Dude, Raiders fans stab people in the parking lot. You don't get more exciting than that.


----------



## Guitarman700 (Aug 11, 2011)

Detroit Lions. 
Trollface.JPG


----------



## Demiurge (Aug 11, 2011)

If you're to choose by which team would be the most compelling if successful, then the Raiders by a country mile.

The Broncos are a huge question mark as to what kind of season they're going to have and not in a good/interesting kind of way. Also, their piss-yellow & brown alternate "retro" jerseys with the argyle-pattern end zone make me want to burn the planet down.

The Eagles obviously made a lot of great acquisitions, but they did not acquire a new head coach to replace Andy Reid. They may have enough talent to rise above their coaching, but I can't imagine anyone in Philly feeling good about seeing Vince Young behind center after Mike Vick takes one too many big hits scrambling out of the pocket. It's a gamble, and you don't want to look like a front-runner if they have a great season.
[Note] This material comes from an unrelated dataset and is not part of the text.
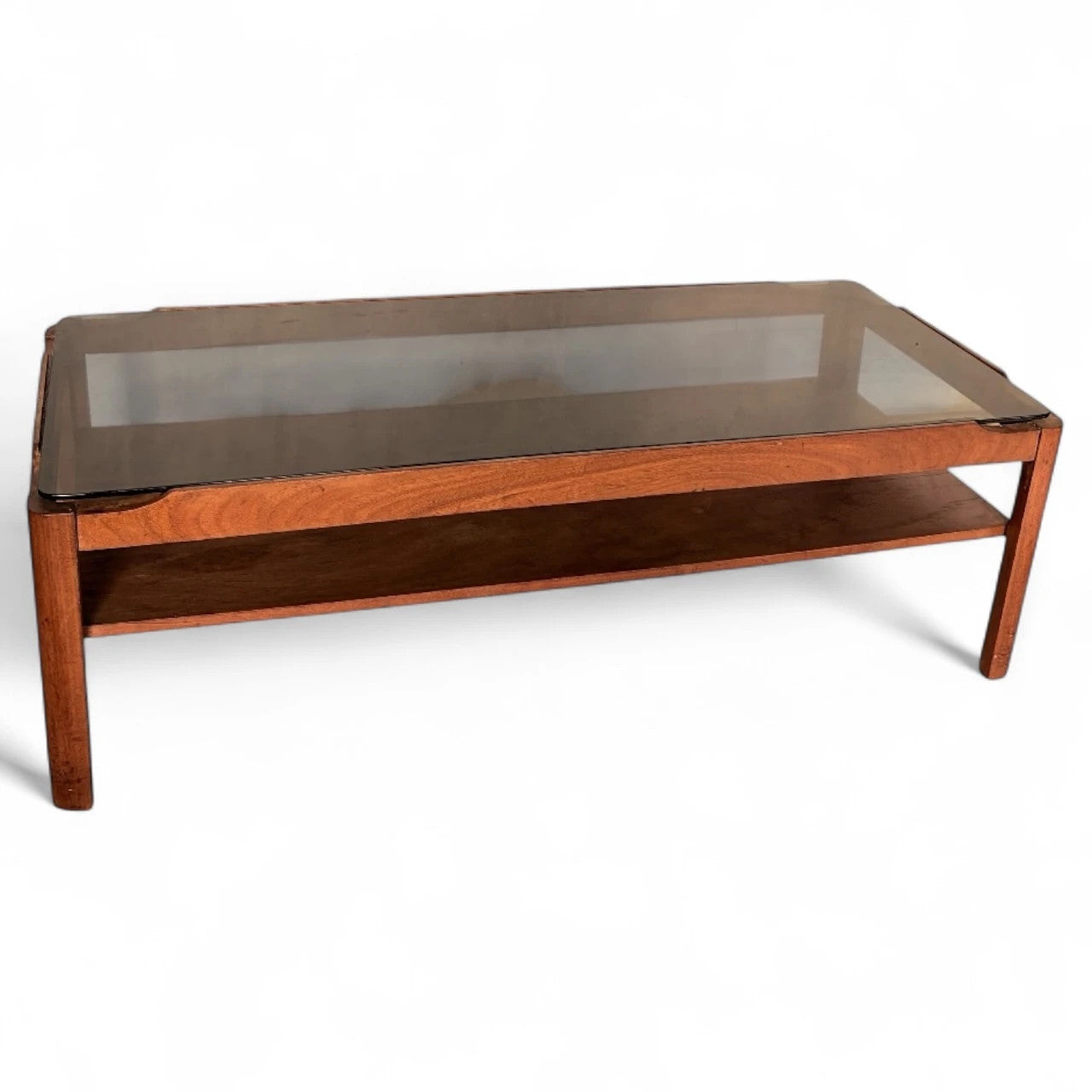 A stylish mid-century modern coffee table by Myers Furniture, dating from the 1970s. This elegant design features a smoked glass top set within a solid teak frame, complemented by a lower shelf for magazines or storage. The minimal, functional form and warm wood tones make it a perfect addition to any mid-century or contemporary interior. The table’s combination of smoked glass and teak reflects the era’s love of modern materials and craftsmanship — an understated yet iconic design ideal for living rooms, lounges, or offices. Details • Maker: Myers Furniture • Date: Circa 1970s • Style: Mid-Century Modern / British Modern • Materials: Teak, smoked glass • Condition: Very good vintage condition with light wear consistent with age; glass free from cracks or chips. Dimensions • Width: 110 cm • Depth: 48 cm • Height: 38 cm Features • Smoked glass tabletop with inset design • Solid teak frame with elegant joinery • Integrated lower shelf for books or magazines • Clean mid-century modern lines • Ideal for living rooms or modern lounges

Raiders- they have the image, they have some talent, and while they might not be "there" yet as a contender, I bet that they have a solid season. You'll look smart by backing them if they do well, as opposed to lucky with the Broncos or (as already stated) front-runner-y with the Eagles.


----------



## longfxukxnhair (Jan 6, 2013)

The Raiders


----------



## Bodes (Jan 6, 2013)

As a fellow Aussie, go for Baltimore. They seem to be shown more on channel OneHD, so more viewing pleasure.


----------



## longfxukxnhair (Jan 6, 2013)

patriots


----------



## Pav (Jan 11, 2013)

I'd go Broncos. My Steelers heritage says fuck the Eagles and the Broncos with Peyton will allow you to enjoy far more wins than the Raiders will.


----------



## Ralyks (Jan 18, 2013)

Well, here we are a year or so later, and the Broncos were the only team of those to make the playoffs... Or win more than 4 games...


----------



## TRENCHLORD (Jan 18, 2013)

Follow the Bears (da' bears), because we can all use a good laugh sometimes.


----------